Peruvian-Spanish-American medical researcher (born 1970)

Victor M. Montori (born in Lima, 1970) is a Peruvian-Spanish-American physician. An endocrinologist, health services researcher, and care activist, Montori is the Robert H. and Susan B. Rewoldt Professor at the Mayo Clinic in Rochester, Minnesota. He is a professor of medicine, and the founder and lead investigator of the Knowledge and Evaluation Research (KER) Unit.

In 2023, he was awarded the Robert H. and Susan M. Rewoldt Professorship in Endocrinology at Mayo Clinic.

He is also a 2024-2025 Human Rights and Technology Fellow at the Carr-Ryan Center for Human Rights at the Harvard Kennedy School.

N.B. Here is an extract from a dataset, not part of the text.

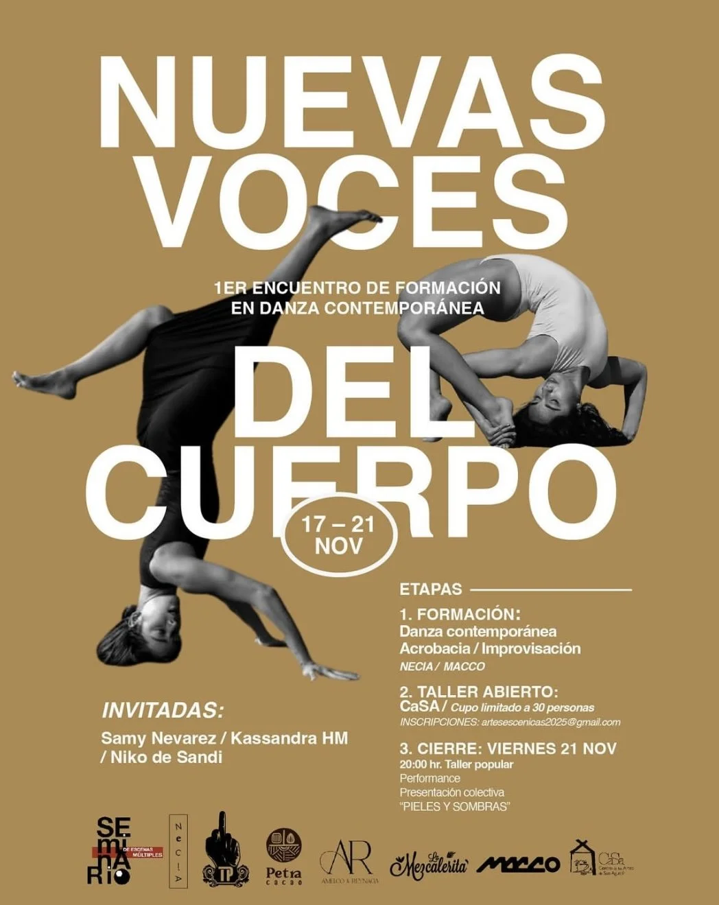 Como cierre del encuentro de danza contemporánea Voces del Cuerpo, Taller Popular fue sede de Pieles y Sombras, una presentación colectiva que reunió a intérpretes y creadoras vinculadas a la exploración del movimiento, la memoria física y la presencia escénica.

In 2025, Aristotle University School of Medicine's Department of Medicine conferred upon him an honorary doctorate in recognition of his contributions to evidence-based medicine and patient-centered care.

Montori is known for contributions to evidence-based medicine, shared decision-making, the development of minimally disruptive medicine and for co-founding The Patient Revolution, a global organization that serves as the backbone for a movement for careful and kind care for all.

== Early life and education ==
Victor M. Montori was born in 1970 in Lima, Peru. He earned his Doctor of Medicine (M.D.) degree from Universidad Peruana Cayetano Heredia in Lima between 1987 and 1995.

Following medical school, Montori completed his internal medicine residency at the Mayo Clinic in Rochester, Minnesota, serving from 1996 to 1999, and was appointed Chief Medical Resident from 1999 to 2000. He remained at Mayo to pursue advanced training in endocrinology, becoming a fellow in endocrinology, diabetes, metabolism, and nutrition in 2000–2002, and earning an M.S. in Biomedical Research from the Mayo Clinic Graduate School of Biomedical Sciences in 2001.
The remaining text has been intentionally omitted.